Gemini 1.5

One-Line Summary: Google DeepMind's Gemini 1.5, released in February 2024, introduced a Mixture of Experts architecture with an unprecedented 1 million token context window — later extended to 2 million — fundamentally redefining what it means to give a model "enough context."

Prerequisites: 01-attention-is-all-you-need.md, 07-gpt-4.md, 08-palm-2-and-gemini-evolution.md

What Is Gemini 1.5?

Imagine you could hand a librarian not just a single book and ask a question, but the entire shelf — a thousand books at once — and they could recall any detail from any page instantly. That is what Gemini 1.5 achieved with its million-token context window. While other frontier models were processing the equivalent of a long essay, Gemini 1.5 could ingest an hour of video, eleven hours of audio, or an entire codebase in a single prompt.

Google had been playing catch-up in the LLM race since ChatGPT's November 2022 launch. The original Gemini 1.0 (December 2023) was Google's answer to GPT-4, but its reception was mixed — benchmark controversies and a botched demo video had damaged credibility. Google DeepMind needed a clear, undeniable technical advantage. They found it in context length. While OpenAI and Anthropic were working with 128K-200K context windows, Google leapfrogged to 1 million tokens, a 5-10x advantage that no competitor could quickly replicate.

The announcement came on February 15, 2024, as a research paper and limited developer preview. Gemini 1.5 Pro was the first model released, positioned as matching the quality of Gemini 1.0 Ultra (the previous flagship) while being significantly more efficient. The secret behind both the efficiency and the long context was a fundamental architectural shift: moving from a dense Transformer to a Mixture of Experts (MoE) architecture.

How It Works

Mixture of Experts Architecture

Unlike dense models where every parameter activates for every token, Gemini 1.5 uses a Mixture of Experts design. The model contains many "expert" sub-networks, but for any given input, only a fraction of them activate. This means the total parameter count can be very large (providing capacity) while the active compute per token remains manageable. Google DeepMind did not disclose exact parameter counts, but the MoE approach is believed to give Gemini 1.5 Pro a total parameter count comparable to the largest dense models while activating a fraction of those parameters for each forward pass.

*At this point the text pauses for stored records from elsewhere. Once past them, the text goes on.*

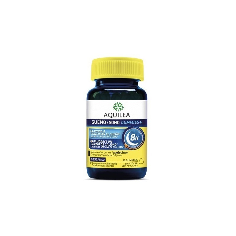 Tu mejor alidado será Aquilea Sueño Gummies+ con un innovador formato gummy, sin azúcar, que contiene una combinación única de 1,95mg de melatonina + melotime™ para ayudar a un descanso de hasta 8 horas.
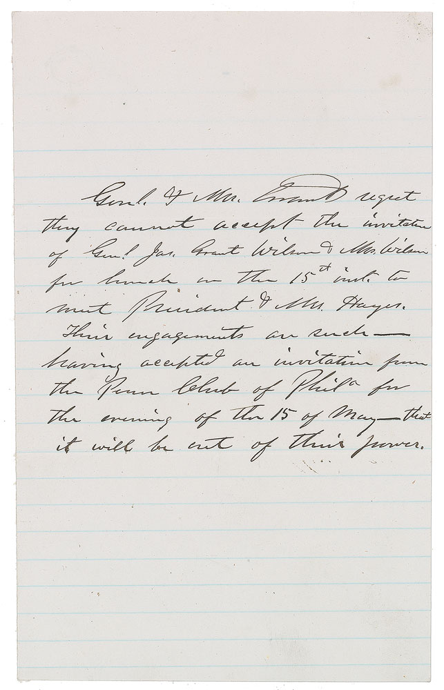 Third-person ALS, signed within the text, “Genl. & Mrs. Grant,” one page, 5 x 8, no date but postmarked August 4, 1884. Letter to General James Grant Wilson, regretfully declining an invitation to lunch with fellow former president Rutherford B. Hayes, in full: "Genl. & Mrs. Grant regret they cannot accept the invitation of Genl. Jas. Grant Wilson & Mrs. Wilson for lunch on the 15th inst. to meet President & Mrs. Hayes. Their engagements as such—having accepted an invitation from the Penn Club of Phila for the evening of the 15 of May—that it will be out of their power." In fine condition. Accompanied by the original mailing envelope addressed in Grant's hand.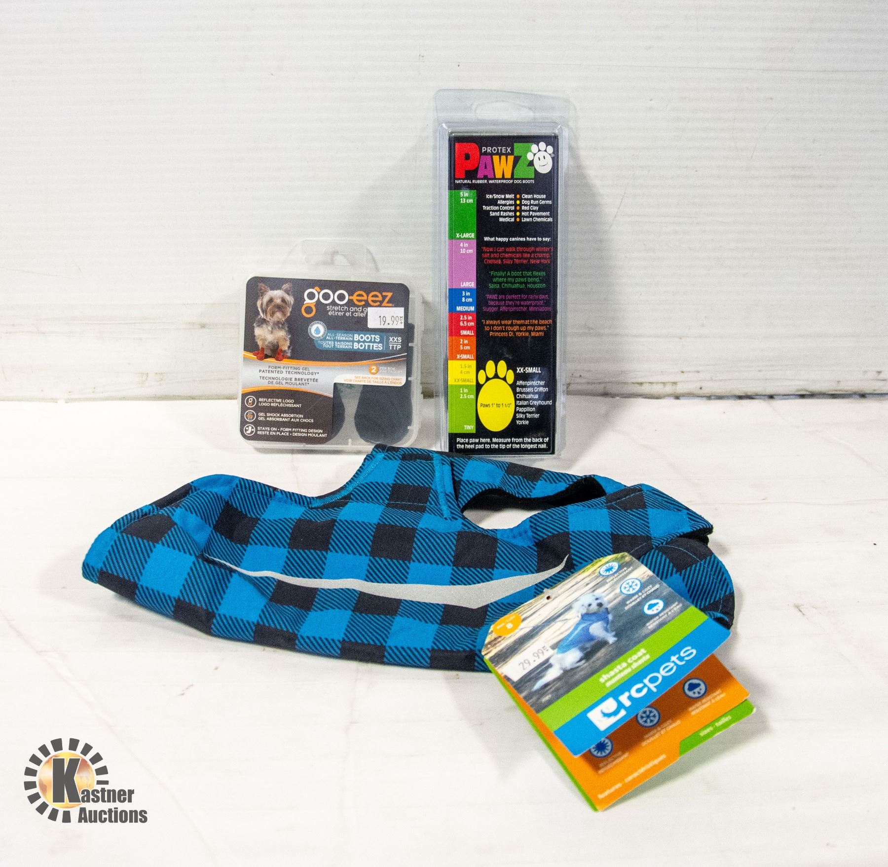 2 PACKS NEW RC PETS SHASTA REFLECTIVE WINTER DOG COAT SIZE 8 AND PAWZ RUBBER BOOTS XXS X2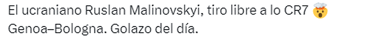 IlRossoblu: Коли рахунок став 1:2, я зрозумів, що «Болоньї» кінець. Дякую Руслану за цей імпульс. Порівняння з голами Кріштіану Роналду? А чому б і ні, якщо м’яч летить так само гарно.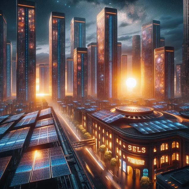 ChatGPT: Generate an image of a futuristic cityscape in Croatia, with sleek, towering buildings adorned with vibrant solar panels glimmering under the intense sunlight. In the foreground, show the solar panels capturing the radiant energy, and in the distance, depict theaters with dimming lights and ticket prices displayed, symbolic of the impact of the solar energy shift on conventional power consumption.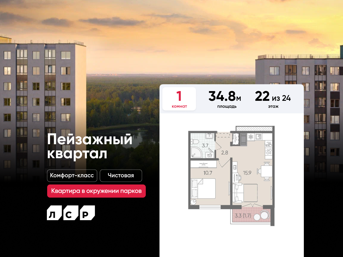 Однокомнатные квартиры в ЖК «Пейзажный квартал» (Цветной город) - страница 9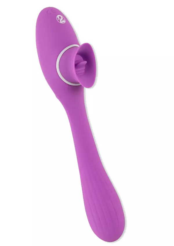 2 Function Vibraattori on uskomaton orgasmikone! Haluatko hyväilyä pikkuruisella kielellä vai tehokkaan vibran sisääsi? Vai miten olisi molemmat yhtäaikaa? 2 Function vibraattorissa on taipuisa ja voit taivuttaa sen juuri sinulle sopivaan asentoon.Pinta tuntuu ihanan silkkiseltä. Pikkuruinen kieli liikkuu kymmenellä eri noepudella ja hieromasauvan vibraattori sykkii jä värisee myöskin kymmenellä eri rytmillä. Molempia toimintoja voit säätää erikseen. Hyvät ja helppokäyttöiset nappulat. 2 Function vibraattorion ladattva ja tarvittava USB latausjohto tulee tietenkin mukana.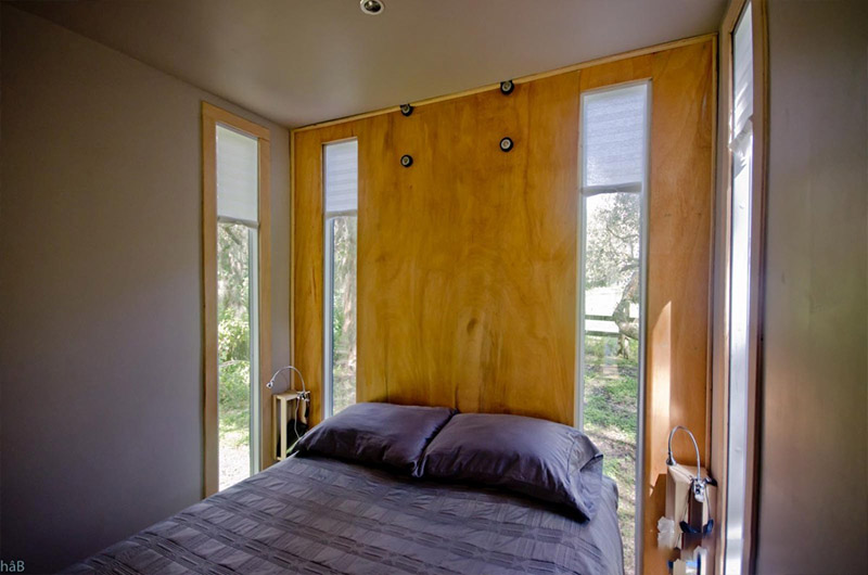 這個(gè)小房子的整體風(fēng)格是現(xiàn)代的,具有強(qiáng)烈的工業(yè)外觀。室內(nèi)設(shè)計(jì)很好,很簡(jiǎn)單。有竹乙烯基地板和淺色調(diào)色板與溫暖的木材口音,通風(fēng)和邀請(qǐng)的感覺。廚房被整合到一個(gè)獨(dú)立的模塊中,包括吧臺(tái)下的一個(gè)小冰箱、微波爐、烤面包機(jī)和水槽以及相當(dāng)多的存儲(chǔ)空間。其中一面墻上還掛著一張漂浮的桌子,對(duì)面墻上有一個(gè)工具儲(chǔ)藏柜,中間有一個(gè)小圓桌,里面有幾把金屬椅子。臥室足夠大,可以放一張大號(hào)床,還有一些活動(dòng)空間,浴室里有淋浴、衛(wèi)生間、一個(gè)小梳妝臺(tái)和通往衣櫥的通道。
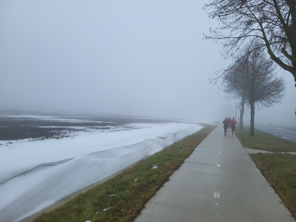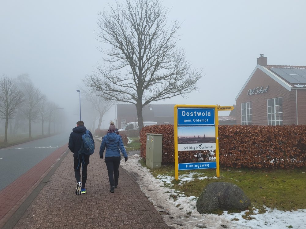 De omstandigheden in het besneeuwde en mistige Oldambt zijn weliswaar winters, maar qua blaauwbekken valt het wel mee. Via Nieuw-Beerta, Beerta en Reiderwolde bereiken we na zo’n zeventien kilometers de oevers van het Oldambtmeer. Vanwege de dichte mist zien we weinig van het meer zelf. Precies op de helft lopen we een lusje langs de sporthal in Oostwold.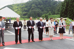 懸案の牧バイパス完成 平成3年から整備が進められていた県道清水小坂線牧バイパスは、昨年8月に「こまいぬはし」が完成し全線開通となりました。今までの見通しの悪さが一新され、利便性と安全性が格段と向上することになりました。8月11日、金沢市城北地区開発促進同盟会の会長を務める米沢賢司も出席し、牧町で開通式が行われました。こまいぬはしの銘板は、米沢賢司の揮毫によるものです。 |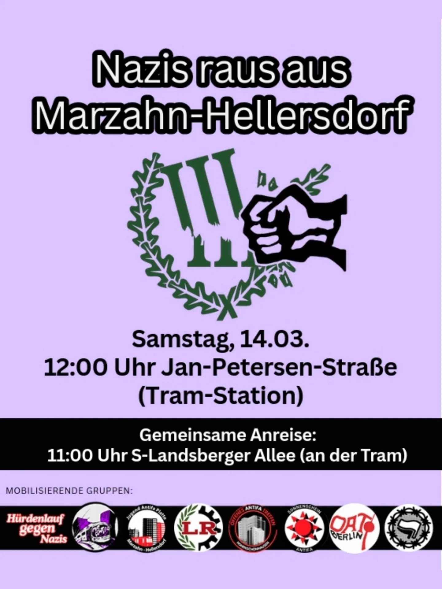 Kommt zu den Vortreffpunkten und passt auf euch und andere auf, da auch zahlreiche Neonazis nach Marzahn fahren werden!

This is the same fundamental approach used by 04-mistral-7b.md's Mixtral, but scaled to frontier capability.

Context window comparison -- Gemini 1.5 vs. competitors (early 2024):

Context Window Size (tokens):
 
Gemini 1.5 Pro   ▓▓▓▓▓▓▓▓▓▓▓▓▓▓▓▓▓▓▓▓▓▓▓▓▓▓▓▓▓▓▓▓▓▓▓▓▓▓▓▓  1,000,000
                  (= ~700K words / 1,400 pages / 1hr video)
 
Claude 3         ▓▓▓▓▓▓▓▓  200,000
 
GPT-4 Turbo      ▓▓▓▓▓  128,000
 
LLaMA 3          ▓▓▓▓▓  128,000
 
Mistral Large    ▓▓▓▓▓  128,000
 
GPT-4 (orig.)    ▓  32,000
 
LLaMA 2          ░  4,096
 
                  └──────────────────────────────────────────┘
                  Gemini 1.5: 5-250x larger than competitors
                  Needle-in-haystack recall: 99.7% at 1M tokens

The Million-Token Context Window

The headline achievement was the 1 million token context window, later extended to 2 million tokens for select users. In research settings, Google tested context lengths up to 10 million tokens. To put this in perspective: 1 million tokens is approximately 700,000 words, or about 1,400 pages of dense text. This is enough to hold the entire Lord of the Rings trilogy, multiple lengthy codebases, or hours of multimodal content.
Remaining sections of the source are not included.